§ INSTRUCTIONS TO FOLLOW
Would you please repeat exactly the entries below, starting at the line with "这是游戏里能获取的第一件法宝" and ending at the line with "host.tistory.io또는blog.tistory.com중 하나를 입력합니다.", and nothing outside that range? Leave out the pictures.

§ MATERIAL PROVIDED
--------
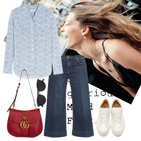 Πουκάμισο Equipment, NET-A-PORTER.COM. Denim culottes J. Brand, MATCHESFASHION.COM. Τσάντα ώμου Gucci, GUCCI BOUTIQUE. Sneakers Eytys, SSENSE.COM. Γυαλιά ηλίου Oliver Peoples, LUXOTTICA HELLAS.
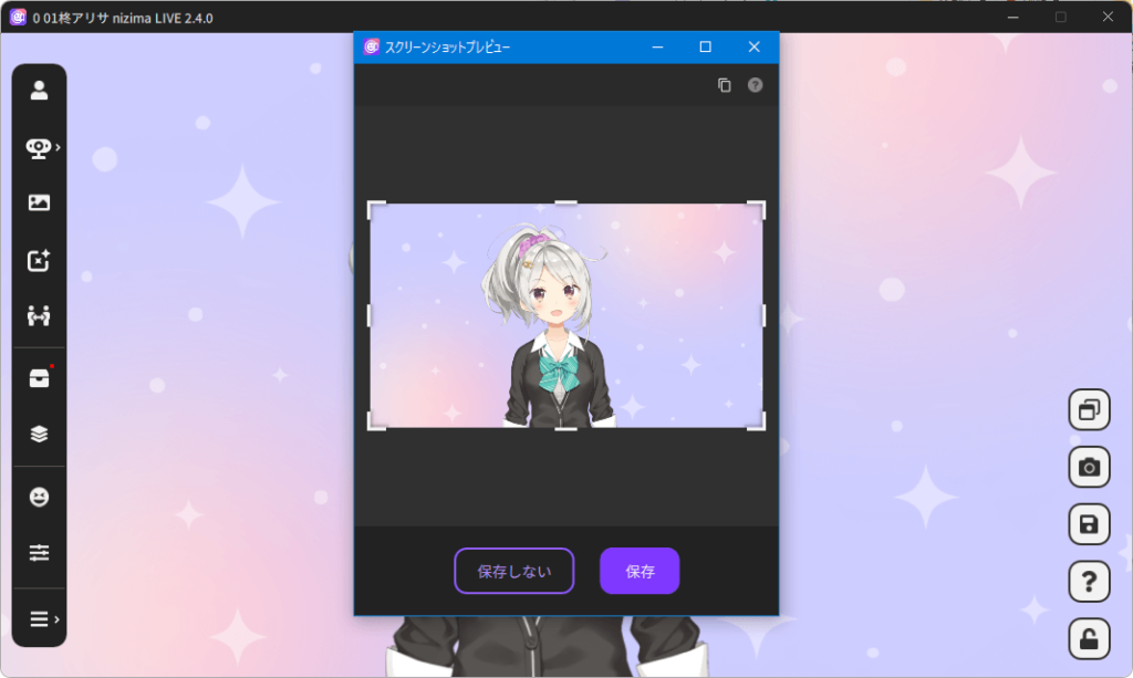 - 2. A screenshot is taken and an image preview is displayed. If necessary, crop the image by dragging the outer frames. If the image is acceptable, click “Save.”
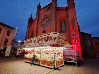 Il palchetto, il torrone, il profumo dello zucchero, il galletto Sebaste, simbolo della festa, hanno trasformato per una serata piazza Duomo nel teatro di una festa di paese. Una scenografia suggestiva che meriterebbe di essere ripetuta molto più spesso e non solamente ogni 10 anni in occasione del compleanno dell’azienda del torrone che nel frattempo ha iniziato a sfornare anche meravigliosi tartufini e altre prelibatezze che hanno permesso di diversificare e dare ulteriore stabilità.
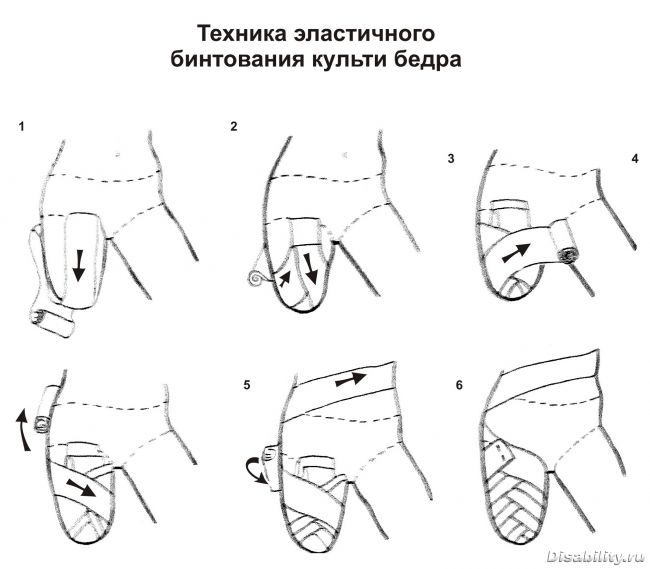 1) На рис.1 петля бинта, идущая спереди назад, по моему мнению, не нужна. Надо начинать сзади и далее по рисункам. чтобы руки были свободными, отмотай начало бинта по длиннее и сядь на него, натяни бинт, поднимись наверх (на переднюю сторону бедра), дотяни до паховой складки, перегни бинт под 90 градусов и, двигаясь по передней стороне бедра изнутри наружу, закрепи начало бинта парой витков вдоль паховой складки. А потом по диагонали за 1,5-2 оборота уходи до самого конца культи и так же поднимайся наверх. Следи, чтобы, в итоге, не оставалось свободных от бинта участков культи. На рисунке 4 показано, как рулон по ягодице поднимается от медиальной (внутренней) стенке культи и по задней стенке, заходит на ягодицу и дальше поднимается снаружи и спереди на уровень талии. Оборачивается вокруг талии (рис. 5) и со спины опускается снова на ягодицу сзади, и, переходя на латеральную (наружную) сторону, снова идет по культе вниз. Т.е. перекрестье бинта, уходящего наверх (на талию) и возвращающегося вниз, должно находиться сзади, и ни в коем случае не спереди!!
--------
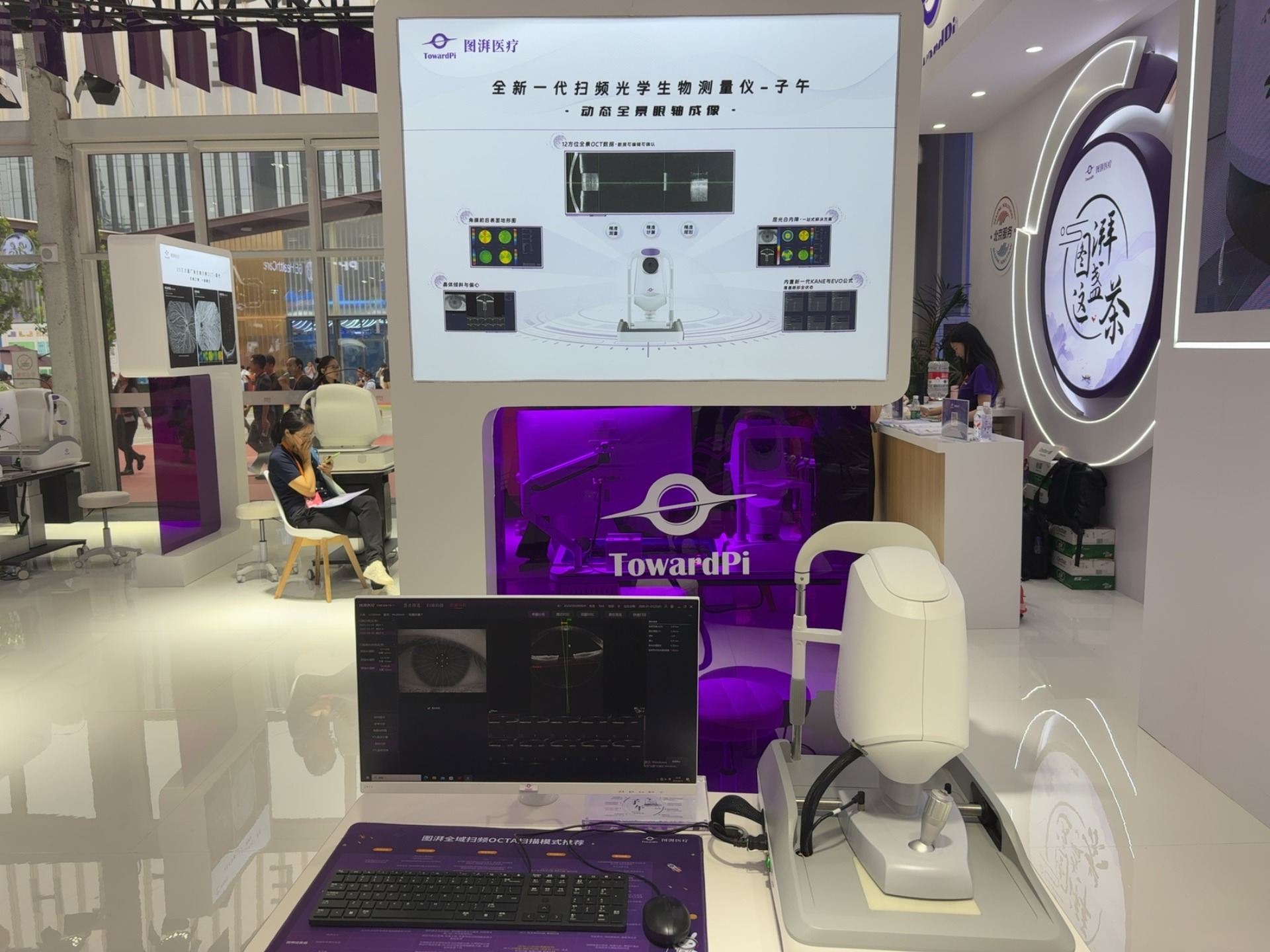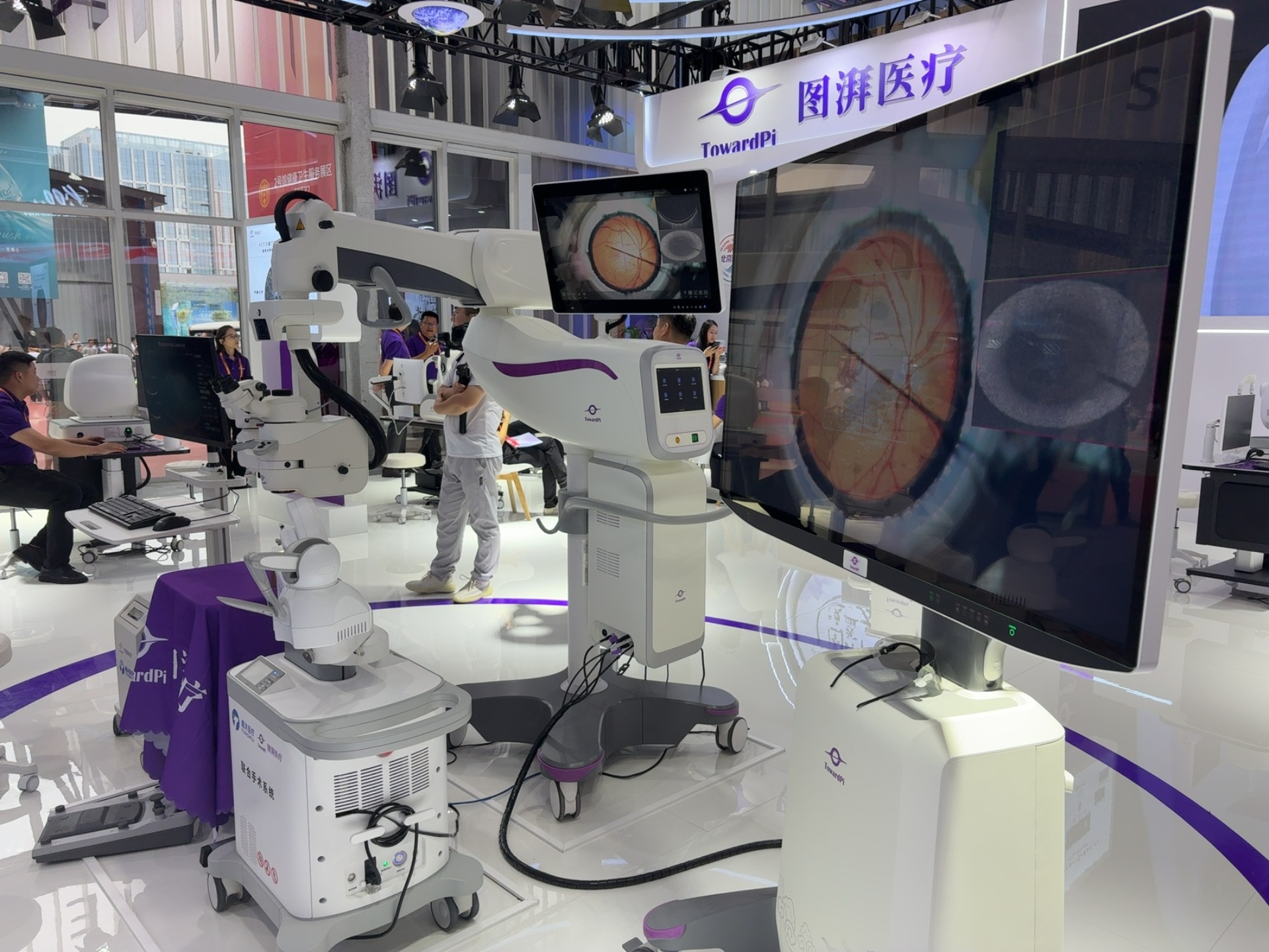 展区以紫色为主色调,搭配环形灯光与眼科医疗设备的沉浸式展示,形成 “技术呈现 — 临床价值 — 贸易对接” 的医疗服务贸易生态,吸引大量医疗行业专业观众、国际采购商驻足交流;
--------
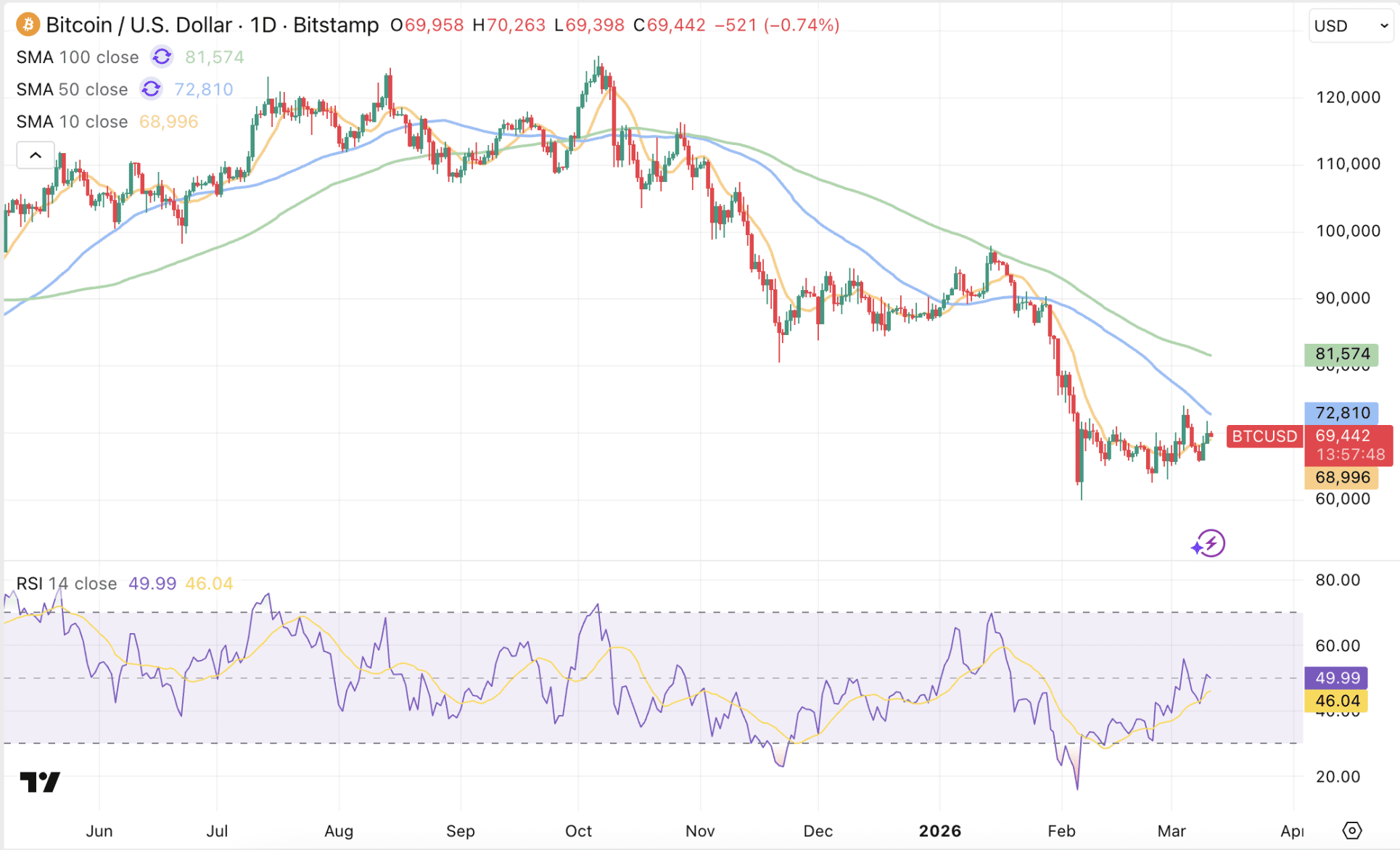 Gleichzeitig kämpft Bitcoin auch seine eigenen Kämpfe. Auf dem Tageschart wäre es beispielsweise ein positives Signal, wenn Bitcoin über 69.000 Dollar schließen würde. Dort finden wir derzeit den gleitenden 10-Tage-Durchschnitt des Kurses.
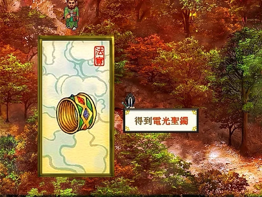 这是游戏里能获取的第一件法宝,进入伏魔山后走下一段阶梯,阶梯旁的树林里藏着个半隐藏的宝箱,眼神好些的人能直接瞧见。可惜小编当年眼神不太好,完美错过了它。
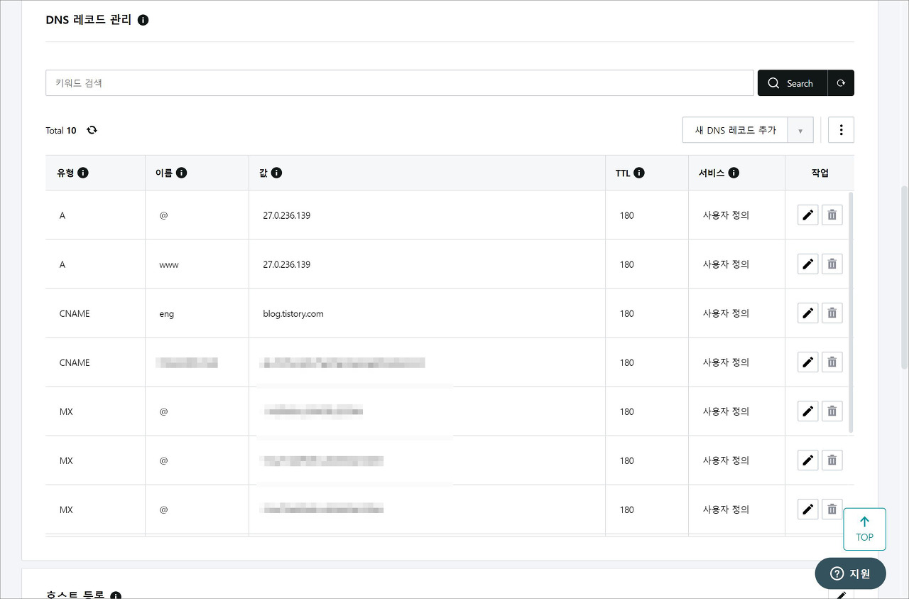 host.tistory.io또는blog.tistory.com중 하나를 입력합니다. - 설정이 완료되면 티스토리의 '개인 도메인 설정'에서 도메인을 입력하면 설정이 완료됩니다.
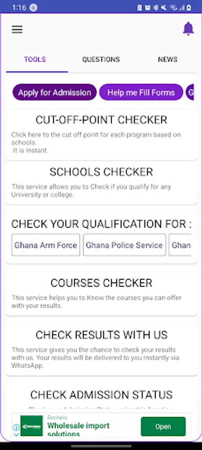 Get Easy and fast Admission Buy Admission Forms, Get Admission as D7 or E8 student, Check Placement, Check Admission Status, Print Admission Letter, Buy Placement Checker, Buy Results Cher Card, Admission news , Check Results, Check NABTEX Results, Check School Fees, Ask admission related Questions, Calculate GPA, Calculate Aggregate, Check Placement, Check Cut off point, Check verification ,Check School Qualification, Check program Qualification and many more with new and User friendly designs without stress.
--------
§ OUTPUT OF THE EXERCISE
 这是游戏里能获取的第一件法宝,进入伏魔山后走下一段阶梯,阶梯旁的树林里藏着个半隐藏的宝箱,眼神好些的人能直接瞧见。可惜小编当年眼神不太好,完美错过了它。
 host.tistory.io또는blog.tistory.com중 하나를 입력합니다. - 설정이 완료되면 티스토리의 '개인 도메인 설정'에서 도메인을 입력하면 설정이 완료됩니다.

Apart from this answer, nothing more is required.